I might come across as a Chicken Little, but I’m planting a garden this year for the first time in about 10 years because the way our government is going here in the US there just might be such civil unrest by this coming fall that fresh vegetables might not be available and I love nothing more than fresh-picked corn, beans, tomatoes, etc.
And even though I’m working up a rather large garden (65 by 55 ft), I’ve used less than a gallon of gas to till it even though all of it is newly-broken ground. I figured that approach had less impact, CO2-wise, than had I spent a week digging it up with a shovel and it was a far better use of my time.
But again, I’m not gowing a garden to be green–I’m growing one to satisfy my apetite for fresh, phytochemical-rich affordable food, for these green weenies that are foisting the Cult of Climate Change have far more disdain for capitalism and liberty than they do for CO2 (the latter being simply a transparent method of gaining power over the gullible masses).
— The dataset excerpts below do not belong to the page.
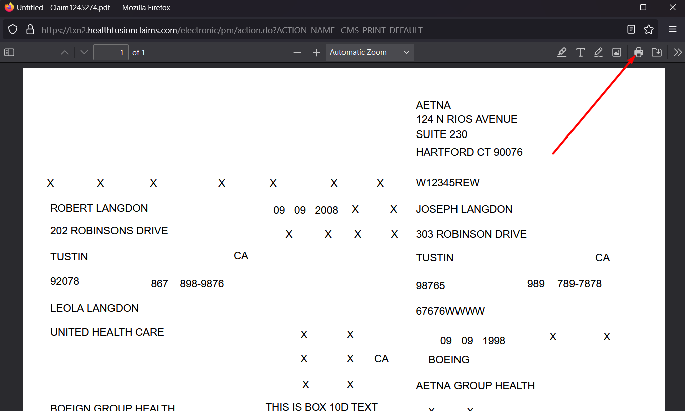 A PDF of the CMS-1500 claim form pops up. Click the Print icon on the PDF.
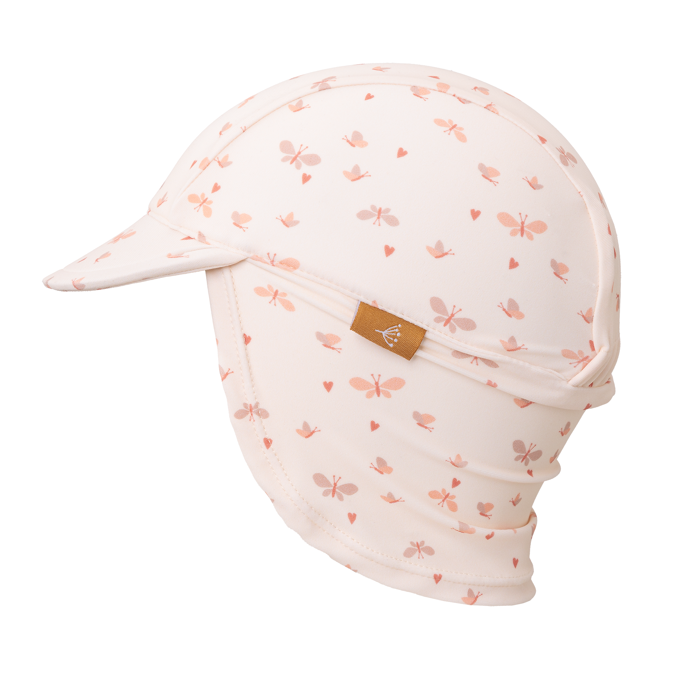 Шапката на Fresk е тип „легионер“, с UV50 защита и предпазва главичката, ушичките и врата на детето.
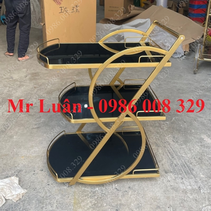 Xe đẩy phục vụ rượu đồ uống inox vàng

I’m just grateful for the boost in life-essential CO2 since the last time I grew a garden. That’s perhaps the best source of “fertilizer” a gardener could hope for.
I have planted hundreds of trees along the railway line as a wild life corridor, (even got on a tv gardening program,) but I am an AGW sceptic who distrusts the political, ‘religious'(?) agenda of the ‘greens’ and loves the informed debate here on WUWT.
Many years ago when I was a student we had a few real Universities and a host of Technical Colleges. In the main these were quite small and prepared undergraduates for HND or External London University degrees. These Colleges have now been transformed into pip squeak universities setting their own pip squeak degrees. In order to justify their existence they carry out research work largely geared to making enough money to keep them solvent. If that is beyond them they take in large numbers of Overseas students which does little to improve their educational standing.
Now we can all sit back and await the time when at least 110% of the population enjoys the benefits of higher education.
Sort of off topic, but in the immortal words of Dorothy Parker:
” You can lead a horticulture, but you can’t make her think.”
Hey Aaron, good stuff that Candide, huh?